2. Using Generic Print Settings: Every plastic is different. Using your PLA settings to print ABS is a recipe for disaster. Each material has a specific range for nozzle temperature, bed temperature, print speed, and cooling fan speed.

   • Solution: Always start with the manufacturer's recommended settings for the specific material you are using. Then, print a small calibration test (like a temperature tower) to fine-tune the settings for your specific printer.

3. Underestimating Mechanical Stress: A common mistake is to design a part without thinking about the printing process. FDM parts are built in layers, and they are weakest between those layers. A part that is strong when force is applied to the top might snap easily when force is applied to the side.

   • Solution: Orient your part on the build plate so that the layers are aligned to resist the primary forces it will experience.
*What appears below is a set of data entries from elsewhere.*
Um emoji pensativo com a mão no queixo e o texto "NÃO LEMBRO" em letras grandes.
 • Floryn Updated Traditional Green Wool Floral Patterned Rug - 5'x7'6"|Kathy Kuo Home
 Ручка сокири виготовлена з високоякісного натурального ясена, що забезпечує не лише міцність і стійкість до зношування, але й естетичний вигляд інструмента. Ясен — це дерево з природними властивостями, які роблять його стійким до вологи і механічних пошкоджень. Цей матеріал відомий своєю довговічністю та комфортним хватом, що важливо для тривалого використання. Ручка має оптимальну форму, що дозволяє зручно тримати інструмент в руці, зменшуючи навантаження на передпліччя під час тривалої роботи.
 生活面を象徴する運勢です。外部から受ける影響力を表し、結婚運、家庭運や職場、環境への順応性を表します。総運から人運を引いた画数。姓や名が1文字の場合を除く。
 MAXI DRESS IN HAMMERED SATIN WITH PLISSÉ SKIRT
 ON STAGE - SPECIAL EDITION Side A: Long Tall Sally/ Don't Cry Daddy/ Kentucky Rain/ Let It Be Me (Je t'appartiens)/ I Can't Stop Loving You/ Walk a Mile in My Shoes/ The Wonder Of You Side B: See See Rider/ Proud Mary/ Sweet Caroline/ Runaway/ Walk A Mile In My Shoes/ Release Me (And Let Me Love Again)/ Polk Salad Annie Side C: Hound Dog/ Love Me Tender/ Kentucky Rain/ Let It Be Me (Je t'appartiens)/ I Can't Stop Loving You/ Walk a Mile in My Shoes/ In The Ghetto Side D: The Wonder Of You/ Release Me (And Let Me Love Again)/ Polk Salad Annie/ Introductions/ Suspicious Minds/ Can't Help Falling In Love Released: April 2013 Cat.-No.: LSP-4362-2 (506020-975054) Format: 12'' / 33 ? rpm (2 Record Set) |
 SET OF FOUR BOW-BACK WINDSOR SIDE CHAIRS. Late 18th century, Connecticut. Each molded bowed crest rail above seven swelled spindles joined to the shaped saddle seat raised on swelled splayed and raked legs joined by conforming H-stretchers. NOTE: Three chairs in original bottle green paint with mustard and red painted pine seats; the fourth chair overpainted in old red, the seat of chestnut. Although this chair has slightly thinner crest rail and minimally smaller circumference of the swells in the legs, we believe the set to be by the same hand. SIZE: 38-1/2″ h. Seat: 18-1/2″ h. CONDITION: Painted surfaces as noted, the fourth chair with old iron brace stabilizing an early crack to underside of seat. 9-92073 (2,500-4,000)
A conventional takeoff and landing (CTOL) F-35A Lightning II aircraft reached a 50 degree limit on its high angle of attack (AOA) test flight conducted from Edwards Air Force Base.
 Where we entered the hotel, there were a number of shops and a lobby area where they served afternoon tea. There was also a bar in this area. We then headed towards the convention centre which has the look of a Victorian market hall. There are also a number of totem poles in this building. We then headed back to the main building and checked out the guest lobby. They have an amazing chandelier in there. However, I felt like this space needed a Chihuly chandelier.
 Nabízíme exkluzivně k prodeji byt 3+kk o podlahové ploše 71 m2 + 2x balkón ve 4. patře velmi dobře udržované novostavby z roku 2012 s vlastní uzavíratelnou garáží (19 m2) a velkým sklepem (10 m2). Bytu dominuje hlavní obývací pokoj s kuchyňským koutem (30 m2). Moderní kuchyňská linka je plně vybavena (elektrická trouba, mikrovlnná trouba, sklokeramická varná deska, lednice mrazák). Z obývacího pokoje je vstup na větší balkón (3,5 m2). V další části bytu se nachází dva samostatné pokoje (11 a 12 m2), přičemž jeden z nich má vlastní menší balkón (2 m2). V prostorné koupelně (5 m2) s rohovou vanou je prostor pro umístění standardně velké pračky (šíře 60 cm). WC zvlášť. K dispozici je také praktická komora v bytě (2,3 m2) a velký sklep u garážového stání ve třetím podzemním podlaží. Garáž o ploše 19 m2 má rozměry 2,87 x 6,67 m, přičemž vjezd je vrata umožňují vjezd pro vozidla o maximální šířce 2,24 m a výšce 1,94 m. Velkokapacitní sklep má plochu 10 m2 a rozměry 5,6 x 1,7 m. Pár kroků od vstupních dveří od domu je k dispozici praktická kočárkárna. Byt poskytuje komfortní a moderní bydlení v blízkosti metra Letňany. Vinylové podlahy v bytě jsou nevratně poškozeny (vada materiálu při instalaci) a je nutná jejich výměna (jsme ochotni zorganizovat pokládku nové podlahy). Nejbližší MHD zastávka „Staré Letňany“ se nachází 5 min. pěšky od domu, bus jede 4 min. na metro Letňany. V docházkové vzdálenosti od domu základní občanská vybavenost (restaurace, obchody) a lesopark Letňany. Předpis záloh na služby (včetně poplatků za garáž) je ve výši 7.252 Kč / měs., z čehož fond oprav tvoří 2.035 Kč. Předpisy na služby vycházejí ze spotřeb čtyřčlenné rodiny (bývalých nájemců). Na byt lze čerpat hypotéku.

If a part needs to be strong in all directions, a technology like SLS might be a better choice.

Cost, Sustainability, and Future Trends of Plastics for 3D Printing?

Worried about the ongoing cost of materials and the environmental impact of your 3D printing? Plastic can be expensive, and concerns about waste are growing in the industry.

The cost of 3D printing plastic varies greatly, from ~$20/kg for standard PLA to over $500/kg for PEEK. Sustainability is improving with recycled filaments and bio-plastics. The future is focused on lower-cost industrial materials (like pellets) and advanced, sustainable polymers.

The world of 3D printing plastics is always moving forward. As a manufacturer, we are constantly watching trends in cost, sustainability, and new material development. These factors will shape how we all print in the coming years.

Cost

The price of plastic is directly tied to its performance.

• Standard Filaments (PLA, PETG): ~$20-$30 per kilogram.
• Engineering Filaments (Nylon, PC): ~$50-$100 per kilogram.
• High-Performance Filaments (PEEK, ULTEM): ~$400-$1,000+ per kilogram.
• Pellets: This is the game-changer for cost. Raw PLA or ABS pellets can cost as little as $2-$5 per kilogram. This dramatic cost reduction is what makes large-scale 3D printing economically viable for industries like automotive and marine manufacturing.

Sustainability

The "plastic problem" is a real concern. The 3D printing industry is responding in several ways:

• Recycled Materials: Many companies now offer filaments made from recycled plastic waste, such as PET from old water bottles or PLA from manufacturing scraps. These are often just as good as virgin materials.
• Bio-Plastics: PLA is the most common bio-plastic, made from plant sources. Research is ongoing to develop new polymers from algae, wood, and other renewable sources that are both high-performance and biodegradable.

Future Trends

I believe the future lies in making industrial-grade printing more accessible and sustainable. This means a bigger push towards pellet-based systems to drive down costs and an increase in high-strength, recycled, and bio-based composite materials. The goal is to create stronger, lighter, and greener parts faster than ever before.

Conclusion

Choosing the right plastic is key to successful 3D printing. Match the material's properties to your application's needs, consider your printer's limits, and your projects will succeed.